Namun, tradisi saling kunjung saat hari raya di antara warga berbeda agama di desa itu dirasa tidak sehangat dulu. ”Dulu ada semacam arisan. Jadi, kaum Muslim pas Natal kasih kami minum, waktu mereka rayakan Lebaran kami kasih kue. Itu terjadi sekitar tahun 1980-an. Yang biasa lakukan itu so (sudah) meninggal semua,” tutur Ellen.
Ia kangen masa-masa itu, tapi zamannya sudah berbeda.
Perasaan serupa dirasakan Ronny Bogar (75) dan Marie Makaampo (74), warga Lingkungan III Kampung Islam. Pasangan itu menjadi saksi perubahan kondisi sosial Kampung Islam. ”Zaman dulu itu ada saling kirim parsel dari tahun 1960-an sampai 1980-an. Kondisi mulai berubah dari tahun 2000. Tapi, orang-orang tua di sini so banyak meninggal dunia atau mereka punya anak so jual tanah, terus tinggal jauh. Jadi, sekarang kebanyakan warga baru yang tidak tahu kebiasaan itu,” ujar Ronny.

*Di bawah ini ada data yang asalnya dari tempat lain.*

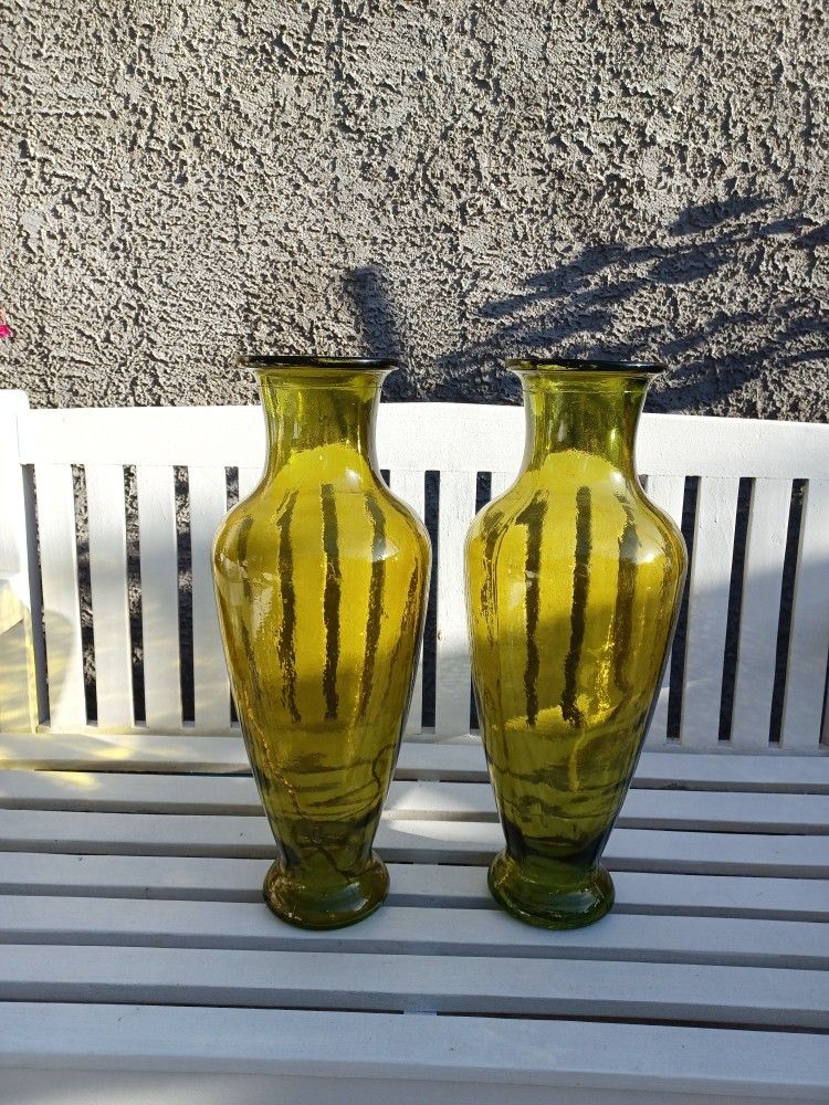 Green thick glass Vases. They are 22" Tall and 8" Wide on center

Ketua Forum Kerukunan Umat Beragama (FKUB) Sulut Pendeta Lucky Rumopa berpendapat, kearifan lokal dan tradisi perlu kembali digali untuk mempertahankan toleransi antar-umat beragama. FKUB juga menyadari bahaya banjir informasi digital sehingga berusaha memperkuat tokoh agama untuk edukasi.
Sejarawan sekaligus budayawan Universitas Sam Ratulangi, Ivan Kaunang, berpendapat, pergeseran tradisi Natal terjadi akibat perkembangan zaman serta kemajuan ilmu dan teknologi. Dilihat dari perspektif budaya, faktor lain yang membentuk perubahan itu adalah konstruksi negara.
”Contohnya dulu pegawai kantor sudah pulang pukul tiga siang sehingga ada waktu untuk mendidik anak-anak. Sekarang kita seperti mesin karena pulang sampai rumah malam. Kita tidak sempat buat kue bersama, padahal itu ada kaitan dengan ruang privat untuk anak-anak belajar,” kata Ivan.
Meski begitu, tetap ada lagu kebersamaan yang mengalun dari desa-desa seperti di Kediri tadi.